Barnard Bee, 28 April 1910

Paul Dooley, the erstwhile Barnard citizen, was found guilty at Beloit Monday of burglary, and was given an indeterminate sentence by Judge Pickler 6 to 20 years.
This puts it up to the prison board, which consists of the warden an [sic] directors, to say when Mr. Dooley has had enough. A couple of attempts ot [sic] escape would probably net him the full 20 years.
Some time last August or September a pleasant-faced young man of good appearance came to Barnard enquiring for work. He succeeded in getting several small jobs, and seemed to be very handy at anything he undertook. This young man, who gave his name as Fred Howe, was engaged as one of the crew to build sheds and other buildings, for the Leideigh & Havens Lumber Yard, which was just then starting up in Barnard. He did his work so well that Manager Wilson gave him many small jobs to do. Howe, or Dooley, was very close-mouthed, and evaded any effort of associates to find out anything of his past.
On Friday, Oct. 29, '09, it was whispered around that the sheriffs of Lincoln and Mitchell counties were in town on a still-hunt for the originator of a black mailing scheme. John Oberman, a farmer of the Asherville community had received a letter demanding that he leave $200 on that day at this lumber yard, or suffer dire consequences. Oberman arranged with the authorities to leave a dummy package for the black-hand artist, which was done, and while the two sheriffs lay watching the deadfall, Dooley, who tumbled to the presence of the officers, quietly went to Selders' livery stable, got a rig, and hiked out. This was about five or six o'clock in the evening. It seems that he drove straight to Asherville, and broke into a store, but was caught in the act, and after a redhot chase of about ten miles in buggies, was caught at the home of Mose Dooley, who is Paul's brother. He was put in jail at Beloit, where he was kept until the trial last week. He made three attempts at escape. First, he tried to chop his way out; next he tried to pick the cement and rock from around the base of the window bars, and the last attempt was to have been made by an assault on the jailers, for which purpose he had made a billy out of iron.
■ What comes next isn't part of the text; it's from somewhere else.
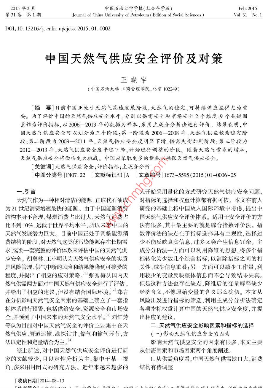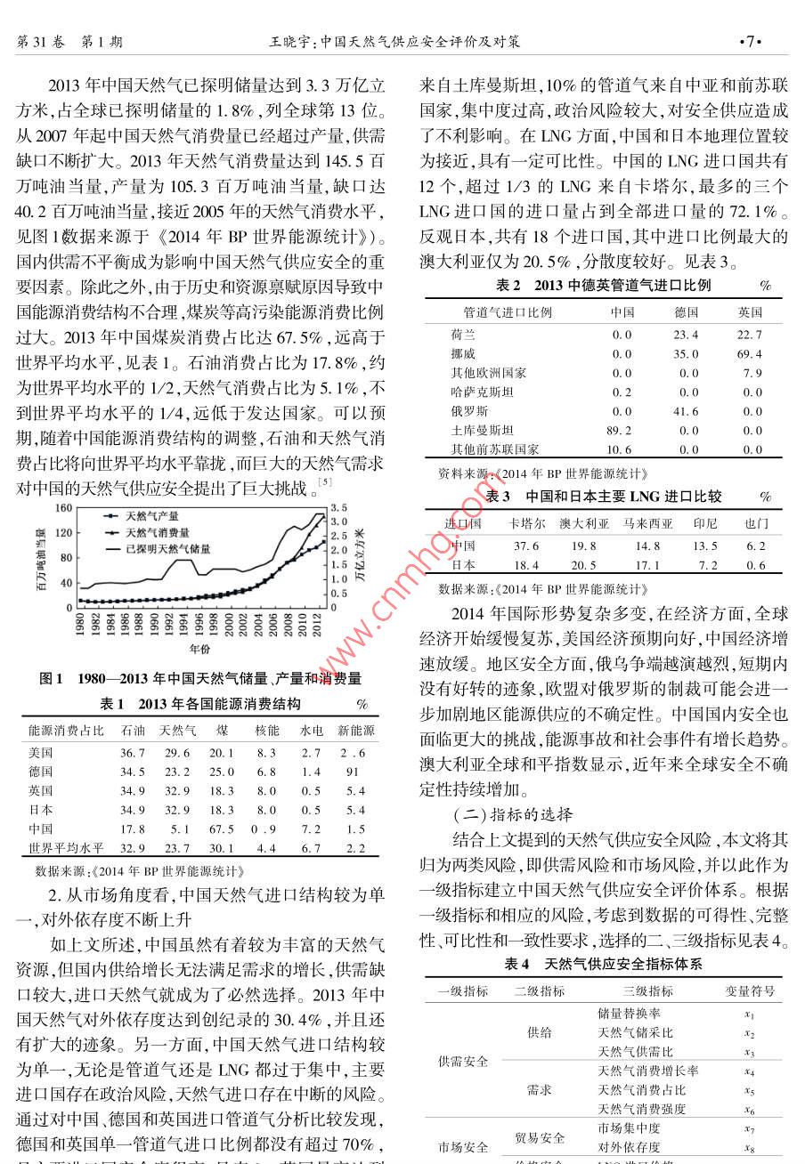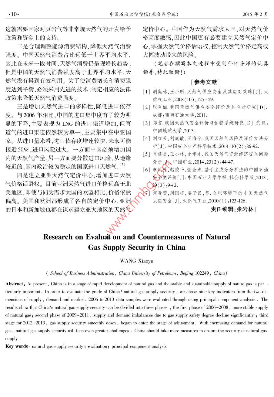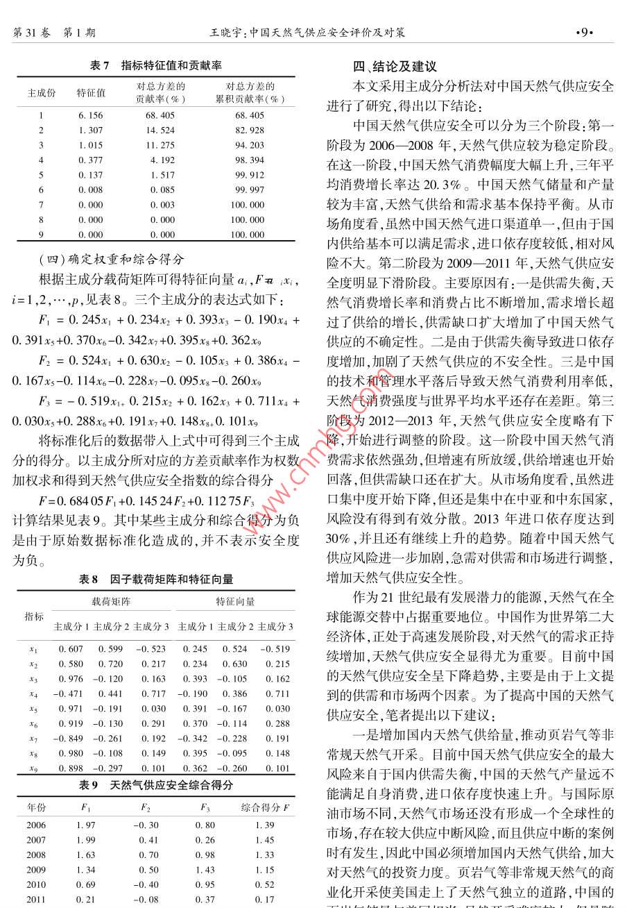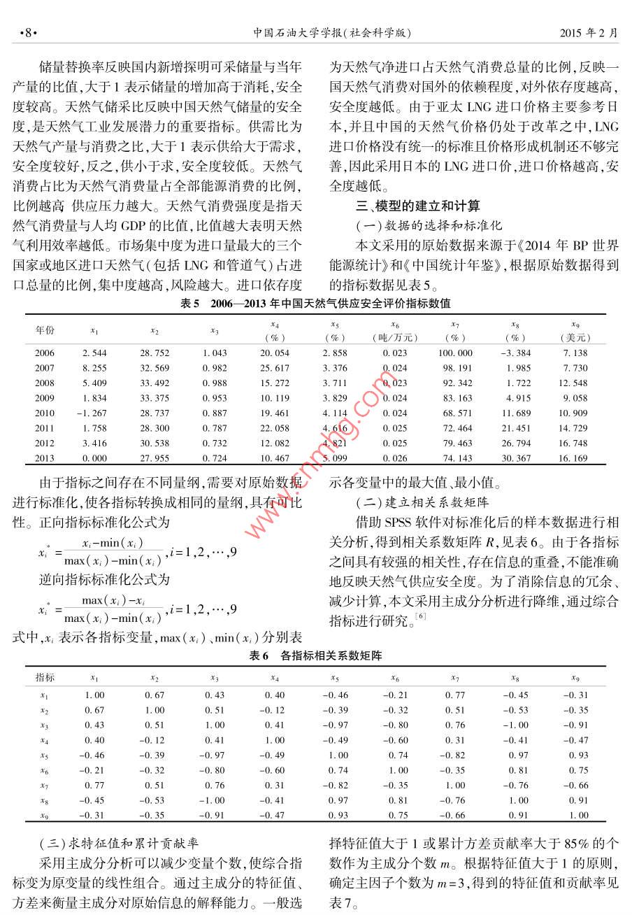 2015年2月中國石油大學(xué)學(xué)報(社會科學(xué)版)Feb.2015第31卷第1期Journal of China University of Petroleum( Edition of Social SciencesVol 31 No. 1DOl:10.13216/j.cnki. upness.2015.01.0002中國天然氣供應(yīng)安全評價及對策王曉宇(中國石油大學(xué)工商管理學(xué)院,北京102249)摘要]目前中囯正處于天然氣高速發(fā)展階段,天然氣的穩(wěn)定、可持續(xù)供應(yīng)顯得尤為重要。為了評價中國的天然氣供應(yīng)安全水平,分別以供需安全和市場安全2個維度、9個關(guān)鍵因素作為評價指標,以2006—2013年的數(shù)據(jù)為樣本,采用主成分分析法進行評價。結(jié)果表明,中國天然氣供應(yīng)安全可以劃分為三個階段:第一階段為2006-2008年,天然氣供應(yīng)較為穩(wěn)定階段;第二階段為α009-2011年,夭然氣供應(yīng)安全度明顯下滑、供需失衡加劇階段;第三階段為2012-2013年,天然氣供應(yīng)安全度平穩(wěn)下降、開始進行調(diào)整的階段。隨著夭然氣需求的增加,天然氣供應(yīng)安全將面臨更大挑戰(zhàn)。中國應(yīng)采取更多的措施以確保天然氣供應(yīng)安全。[關(guān)鍵詞]天然氣供應(yīng)安全;評價指標;主成分分析[中圖分類號]F407.2[文獻標識碼]A[文章編號]1673-5595(2015)01-0006-05一、引言人開始采用量化的方式研究天然氣供應(yīng)安全問題天然氣作為一種相對清潔的能源,正取代石油成對指標的選擇和權(quán)重計算都有據(jù)可依。本文在前人為21世紀消費增速最快的能源。由于中國能源消費研究的基礎(chǔ)上將中國放亼國際環(huán)境中考慮,提岀中結(jié)構(gòu)本身不合理,煤炭消費占比過大,天然氣消費占國天然氣供應(yīng)安全評價體系。適用于安全評價的方比不到10%,遠低于世界平均水平,所以未來中國的法有很多,其中最主要的就是綜合指數(shù)評價法。指天然氣發(fā)展?jié)摿薮?。目前中國正處于調(diào)整能源消數(shù)評價法的缺點在于指標選擇具有主觀性,選擇過費結(jié)構(gòu)的階段,對天然氣這類低污染能源存在長期需少不能反映真實信息,過多又會產(chǎn)生信息冗余。主求,需要一套完整的評價體系來評估中國的天然氣供成分分析法一方面可以利用降維的思想,將多個指應(yīng)安全。胡奧林、王小明認為天然氣供應(yīng)安全的實質(zhì)標轉(zhuǎn)化為少數(shù)幾個綜合指標,以消除指標之間的相是風(fēng)險管理,供氣中斷的風(fēng)險和結(jié)果能降到可接受的關(guān)性,減少信息重疊;另一方面可以減少工作量,利程度,并提出了相應(yīng)的應(yīng)對策略。張秀梅從國內(nèi)天用較少的變量反映整體信息而不會導(dǎo)致結(jié)果失真。然氣供需兩方面對中國天然氣供應(yīng)安全進行了評估,但是這種方法也存在缺點,降維后的變量解釋缺少并給出了相應(yīng)的建議,但沒有結(jié)合國際環(huán)境。2鄭言經(jīng)濟含義,不像原始變量的含義那么確切。本文從在分析影響天然氣安全因素的基礎(chǔ)上確立了一套指風(fēng)險出發(fā)進行指標的篩選,利用主成分分析法確定標體系進行預(yù)警,包括供給安全、資源安全和市場安各項指標權(quán)重計算中國的天然氣供應(yīng)安全度,并提全,并預(yù)測了中國未來的天然氣安全水平。劉紅芳出相應(yīng)的建議。等認為目前對中國天然氣安全的評價主要集中在天二、天然氣供應(yīng)安全影響因素和指標的選擇然氣供應(yīng)、管道運輸、勘探鉆井、儲氣和輸氣環(huán)節(jié),方(一)影響天然氣供應(yīng)安全的因素法以定性和定量結(jié)合為主。4影響天然氣供應(yīng)安全的因素有很多,本文主要綜上所述,對中國天然氣供應(yīng)安全評價進行研從供需因素和市場因素兩個角度闡述。究的文獻較少,且以定性分析為主,集中于某一視1.從供需角度看,中國天然氣供需缺口大,消費角,多采用封閉式的研究方法。近年來越來越多的結(jié)構(gòu)有待調(diào)整稿日期]2014-08-13第31卷第1期王曉宇:中國天然氣供應(yīng)安全評價及對策2013年中國天然氣已探明儲量達到3.3萬億立來自土庫曼斯坦,10%的管道氣來自中亞和前蘇聯(lián)方米,占全球已探明儲量的1.8%,列全球第13位。國家,集中度過高,政治風(fēng)險較大,對安全供應(yīng)造成從2007年起中國天然氣消費量已經(jīng)超過產(chǎn)量,供需了不利影響。在LNG方面,中國和日本地理位置較缺口不斷擴大。2013年天然氣消費量達到145.5百為接近,具有一定可比性。中國的LNG進口國共有萬噸油當(dāng)量,產(chǎn)量為105.3百萬噸油當(dāng)量,缺口達12個,超過1/3的LNG來自卡塔爾,最多的三個40.2百萬噸油當(dāng)量,接近2005年的天然氣消費水平,LNG進口國的進口量占到全部進口量的72.1%。見圖1數(shù)據(jù)來源于《2014年BP世界能源統(tǒng)計》)。反觀日本,共有18個進口國,其中進口比例最大的國內(nèi)供需不平衡成為影響中國天然氣供應(yīng)安全的重澳大利亞僅為20.5%,分散度較好。見表3。要因素。除此之外,由于歷史和資源稟賦原因?qū)е轮斜?2013中德英管道氣進口比例國能源消費結(jié)構(gòu)不合理,煤炭等高污染能源消費比例管道氣進口比例中國德國英國過大。2013年中國煤炭消費占比達67.5%,遠高于荷蘭0.023.422.7世界平均水平,見表1。石油消費占比為17.8%,約挪威35.069.4他歐洲國為世界平均水平的1/2,天然氣消費占比為5.1%,不哈薩克斯坦0.0到世界平均水平的1/4,遠低于發(f

A couple of days before Dooley's trial for burglary came up he tried for insanity and was found to be sane.
It develops that some time ago Dooley succeeded in extracting some money from the late Adolph Hirsch, of Mitchell county, by means of a blackmailing letter similar to the one mailed Oberman. It was also brought out at the trial that he had served a 16-month sentence in the Nebraska penitentiary for stealing.
An inspection of Dooley's room here after his arrest indicated that the fellow was something of a genius in the way of secretiveness. He had arranged a sliding bar on the inner side of the door, which he could manipulate either from the inside or outside. It was to prevent anyone from unlocking the door from the outside during his absence, as well as to prevent anyone from quietly surprising him in the room. It was ingeniously contrived, and would require close scrutiny to discover it from the outside. He had also removed a large section of the baseboard and dug out lathing and plastering, thus providing a cunning hiding place for loot, although none was found after he had gone. Some type metal, part of which he had melted down, some plaster-of-paris, a coil of fuse, wire and keys were among the odds and ends found.